Q: Because when you pitched the original story to DR (who make The Killing) you didn’t even tell them it was a police procedural, did you?
Soren Sveistrup: “No. There was another police show at the time. Piv told me, ‘Soren, please, don’t mention much about…the whole word police, please don’t.’ So we called it…?? investigation, destiny drama.”
Piv Bernth: “We actually called it, ‘The Story of a Murder.’ That was the working title at the beginning. So it was a story about people who were influenced by a murder that happens in a city. And then we slowly turned it into The Killing.”
Soren Sveistrup: “But nmy personal pleasure doing this has been to work with you guys (Piv and Sofie) because it has been very personal and built on relationships. All the opinions from Piv and from Sofie. I mean, of course, we’ve had our battles and I think a lot of people would say, from the whole crew, they’d say, ‘OK, they’re really fighting today.’ But for us it wasn’t a fight that bad. It was just opinions thrown by that person.”
Sofie Grabol: (Smiling) “We actually had one meeting, in this third season we had this female director called Natasha Arthy – and really great. The way it goes is that Soren writes the script and we all gather to read it together, the cast and the director, the writers and Piv. And then after that we have meetings…each plot, the main actors from the police plot, from the political plot and the third plot have meetings with the writers and the directors there. And it was like her first day at school. And we had a great meeting that day. And we had great discussions. And, yeah, I left the meeting and thought, ‘Whoo, that was…cheeks are burning but, you know, it was…”
Soren Sveistrup: “You slammed the door. I remember.”
Sofie Grabol: “No, no. That’s not true” (laughter)
Soren Sveistrup: “Actually, she slammed the door. And then from the outside I heard her, ‘Oh sorry!’” (laughter)
Sofie Grabol: “It was the draught! It slammed like that! It was really a good meeting. And then I got home and at first I had some strange texts from this woman, saying, ‘Do you want to talk?’ (laughter) And then she phoned me at the evening and said, ‘I’m so sorry. I think we should try to pick you up after this. You must really, really, really feel terrible.’ And I was like, ‘What?’ Oh the tone. She was just in shock. And I was like, ‘That was a GOOD meeting!’ So yeah. Maybe we just know each other so well.

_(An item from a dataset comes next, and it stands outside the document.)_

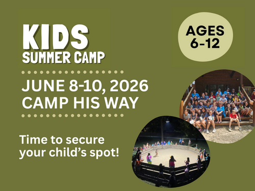 We’re excited to head back to Camp His Way for another incredible year of Kids Camp! This three-day experience is always a highlight of the summer, filled with worship, fun activities, friendships, and powerful moments with God. We are not collecting full registration at this time—just securing spots. To reserve your child’s place, simply click on the image, complete the basic information form and submit the $50 registration fee online selecting "Children's Ministry" when giving, or by cash or check, noting your child's name.

That’s another gift as an actor anyway, to work on a longer running project, is that I know that you (Soren and Piv) know me and I can behave…I didn’t slam the door. But I could slam the door and it would be OK. It’s like a family that you can fight and you can show all your not so flattering sights. And you know that we’ll be seeing each other next family birthday or Christmas. And that’s how I feel about it…yeah.”

Q: It’s a very different way of working. You’re (Soren) producing a script at the last minute. You’re (Sofie) learning quickly and you’re doing 10 episodes of one story. It took the CSI model of…
Piv Bernth: “Yeah, but it is a matter of confidence as well. And that’s what you build from all these years we’ve been working together. Because we have the confidence, we know that it’s going to happen. I wouldn’t have the same confidence in other people as the one that we have built here. We’ve been working together ever since 2000 really, 2001. And it’s a lot of years and we’ve built that confidence in each other. And that’s why…it’s often a matter of timing and relations that makes things happen in this way, with the immense pressure we’ve all had. We’ve really had it in every department of the production, But, of course, very much on Soren because if he doesn’t deliver…so the pressure is very tough there. But it is confidence and relations that makes it work.”
Q: Piv, you’re now in control of Danish drama, which is, Krona for Krona, probably the world’s biggest drama hit factory around – The Killing, Borgen, The Bridge and so on. What principles are you trying to take from The Killing and push out into other projects? What are the principles that make Danish drama so astonishingly successful at the moment?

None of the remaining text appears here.